Available data:
-.-.-

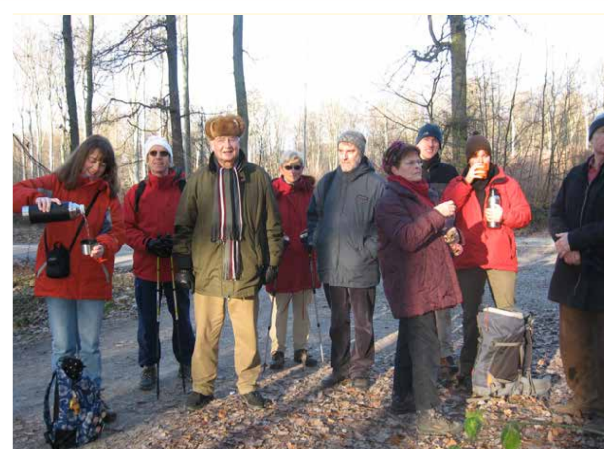
Wanderung zwischen den Jahren (2008)
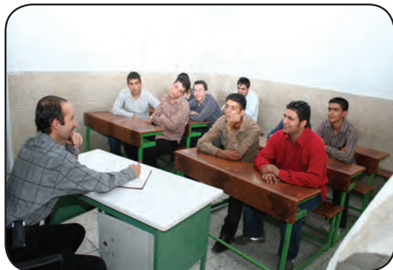
دقت کردن به درس

با توجه به عبارتهای سمت راست، برای تصویرهای سمت چپ، مانند نمونه یک عبارت بنویسید.

-.-.-

All of the material above is to be retyped exactly, with no pictures included.

Wanderung zwischen den Jahren (2008)
دقت کردن به درس

با توجه به عبارتهای سمت راست، برای تصویرهای سمت چپ، مانند نمونه یک عبارت بنویسید.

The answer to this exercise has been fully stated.